DSV: "There are cases every day": More victims report allegations of abuse

Jan Hempel, ex-water jumper, triggers a chain reaction with his allegations of sexual abuse against the former trainer at the German Swimming Association.

DSV: "There are cases every day": More victims report allegations of abuse

Jan Hempel, ex-water jumper, triggers a chain reaction with his allegations of sexual abuse against the former trainer at the German Swimming Association. Many more victims come forward. Meanwhile, politicians are questioning the public funding of the DSV.

After the serious allegations of abuse by the former water jumper Jan Hempel, politicians spoke up and questioned the public funding of the German Swimming Association (DSV). "We have now seen that the time for paying lip service is finally over," said Mahmut Özdemir, Parliamentary State Secretary responsible for sport in the Federal Ministry of the Interior, of the ARD sports show.

An association that does not adhere to the requirements and conditions for funding, added SPD politician Özdemir, "which tolerates sexualised violence, doping or other interpersonal violence, does not explain it, covers it up - such associations are not allowed to receive a cent from tax funds". DSV competitive sports director Christian Hansmann had previously stated at the European Swimming Championships in Rome that possible political consequences were "of course to be feared".

According to Hansmann, other victims have also reported.

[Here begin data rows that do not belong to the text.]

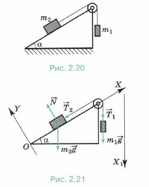 Задача 3. Два тела массами m1 = 10 г и m2 = 15 г связаны нерастяжимой и невесомой нитью, перекинутой через невесомый блок, установленный на наклонной плоскости (рис. 2.20). Плоскость образует с горизонтом угол α = 30°. Определите ускорение, с которым будут двигаться эти тела. Трение не учитывайте. Р е ш е н и е. Предположим, что тело массой m1 перетягивает. Выберем оси координат так, как показано на рисунке 2.21. В проекциях на оси Х1 и X уравнения движения тел запишем в виде m1ax1 = m1g - Т1, m2ах = Т2 — m2g sinα, |ах| =|ax1|, так как нить нерастяжима. Силы натяжения нити равны, так как нить и блок невесомы. Сложив левые и правые части уравнении, получим
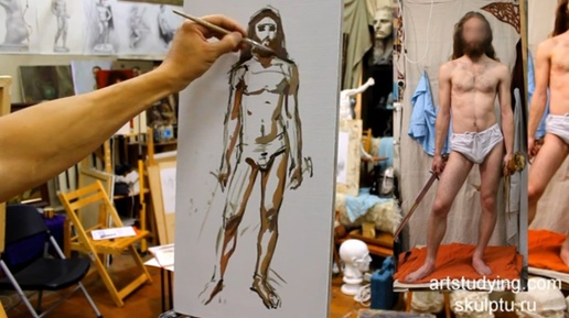 Для живописи обнаженной фигуры рекомендуется брать холст, натянутый на подрамник размером, ориентировочно, в один метр по большой стороне. Очень важно уметь расположить изображение на холсте. Для этого, после того как модель окончательно поставлена, рекомендую взять небольшой кусок темной бумаги и вырезать в ней прямоугольник приблизительно 5 Х 7 см, и это «окно» навести на модель, смотря в него одним глазом. Перемещая (Аудио этого поста здесь - (КОМПОЗИЦИЯ И РИСУНОК НА ХОЛСТЕ, ПРИЕМЫ РАБОТЫ МАСЛОМ 69-72 https://music...
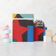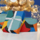 This wrapping paper has a Bauhaus design of random shapes in blue, teal, yellow, red, and orange.
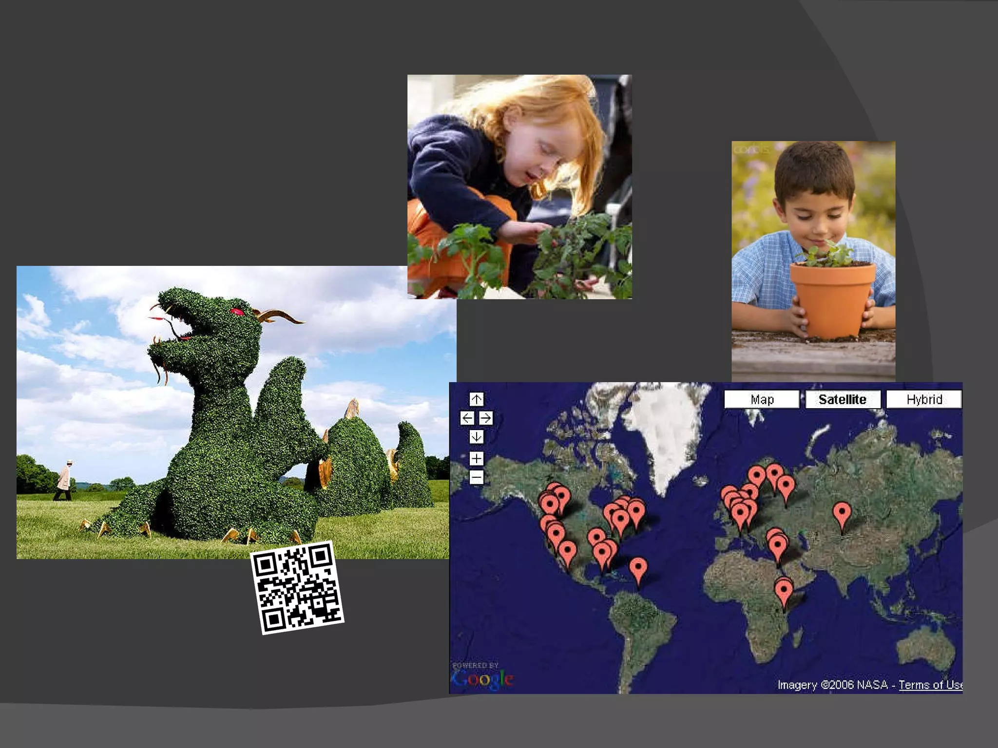 The document discusses ways to connect physical objects and locations to digital information by embedding QR codes that can be scanned by mobile devices. This would allow physical items like seeds packets or objects in libraries to tell their stories and share knowledge when scanned, weaving together the digital, physical, and mobile worlds. A simple example given is adding QR codes to seed packets that are then mapped on an open platform for creative people to engage with.
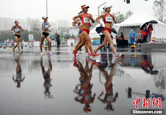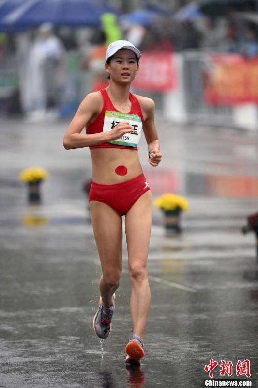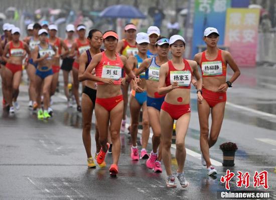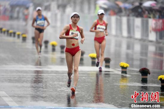 9月24日,陕西西安,第十四届全运会田径女子20公里竞走决赛在雨中进行。内蒙古队选手杨家玉获得冠军,青海队选手切阳什姐、陕西队选手杨柳静分获亚军、季军。 中新社记者 毛建军 摄

The Commissioner for the Prevention of Sexualized Violence, Franka Weber, had received reports from "many injured parties and victims," ​​he said. "There are cases every day." The four-time European champion Hempel reported years of sexual abuse by a coach in an ARD documentary and accused the DSV and national water jump coach Lutz Buschkow of knowing about it and not having acted. Buschkow was then released from the association last Thursday. "Of course, the allegations are very serious," said Hansmann, "it's not going to work out overnight."

The former open water swimmer referred to the first measures taken by the DSV. "We are working on preventing this so that it doesn't happen again," said Hansmann, "we are in the process of revolutionizing trainer training and introducing the topic of sexualized violence - from the state to the federal level. There must be mandatory training for employees in the DSV. There are already some offers, we have to make it mandatory now." He also emphasized that the association is working with the German Olympic Sports Confederation (DOSB) and the athletes in Germany on this topic. Reported cases are processed together with the athletes' representatives.

Buschkow's release during the European Championships in Rome unsettled the athletes. "You could see that there was a kink in the team," said Hansmann. "Many had difficulties with the decision and the consequences. You can tell that there was a break in the team."